In re W. H. Blumer & Co.

12 F. 489 | E.D. Pa. | 1882

Butler, D. J.

Important questions discussed by counsel, (respecting the effect of section 36 of the bankrupt act,) may be passed, in this case.

Where joint and separate assets are realized, and may be distributed to creditors of the respective estates, it cannot, of course, be doubted that the rule of “joint to joint, and separate to separate,” applies. In this case joint as well as separate assets were realized. More than $3,000, over the cost of realization, were received by the assignee. A part of this we think might have been distributed to creditors. If it had been, or the account had been closed with the sum in hand, it is not pretended that the joint creditors could share in the separate estates. Can it be that an expenditure of the money on their account, in a vain (though doubtless proper) endeavor to obtain more, changes the rule of distribution ? Such a view would seem unreasonable; and especially so in this case, where the money was expended in a fruitless effort to transfer to them the exclusive enjoyment of the very property now in controversy. Although defeated in this, the money was very profitably spent, for the joint creditors, if by such expenditure they have acquired a right to share this property.

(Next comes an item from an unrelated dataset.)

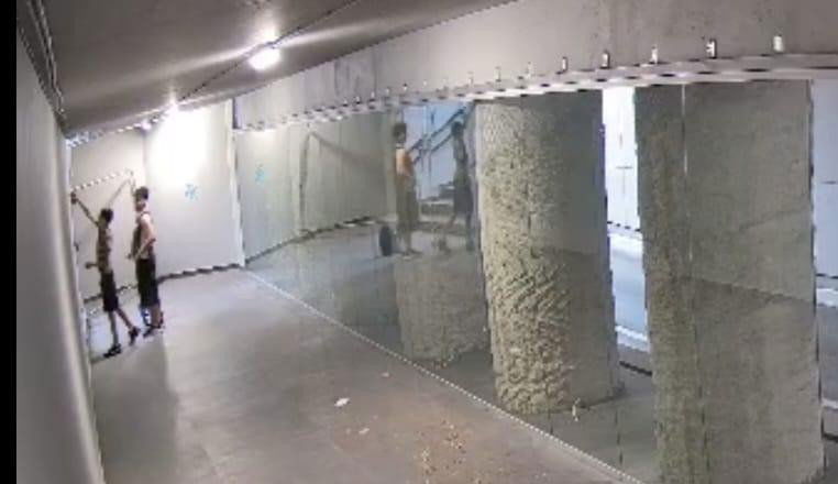A helyi rendőrség közleménye szerint az első eset május 24-én történt, ekkor két fiatal firkálta össze az átjáró üvegfalát egy alkoholos filctollal. A kamerák felvételei szerint a második eset június 5-én történt, ugyanazok a fiúk két másik fiatallal együtt visszatértek a helyszínre és festékspray-t használva lefestették az aluljáró betonfalait.

We do not think, however, they have.

But if this were otherwise the provision respecting costs and expenses, contained in 'the section, (36,) when applied here, leaves a similar balance of joint estate. The assignee is required to “keep separate accounts of the joint stock or property of the copartnership, and of the separate estate of each member thereof, and after deducting from the whole amount received by the assignee, the whole amount of expenses and disbursements, the net proceeds of the joint estate shall be apportioned to pay the creditors of the copartnership, and the net proceeds of the separate estate of each partner shall be appropriated to pay his separate creditors.” This requires an ascertainment of the net proceeds of each estate, by means of the deduction specified, — in other words, by apportioning the entire costs to the respective estates pro raft», — the only method whereby the provis*491ion can be carried out: Smith v. Smith, 13 N. B. R. 500. In a majority of cases such apportionment of costs is just and equitable. When applied here, as before remarked, a considerable balance of joint estate is left for distribution. That the percentage to creditors may be inconsiderable is unimportant. The register will therefore deduct the costs and expenses as herein indicated, distributing the balance of joint assets to joint creditors, and of separate assets to separate creditors.

It is proper to say that circuit Judge McKennan, who sat with the district judge, concurs in this opinion.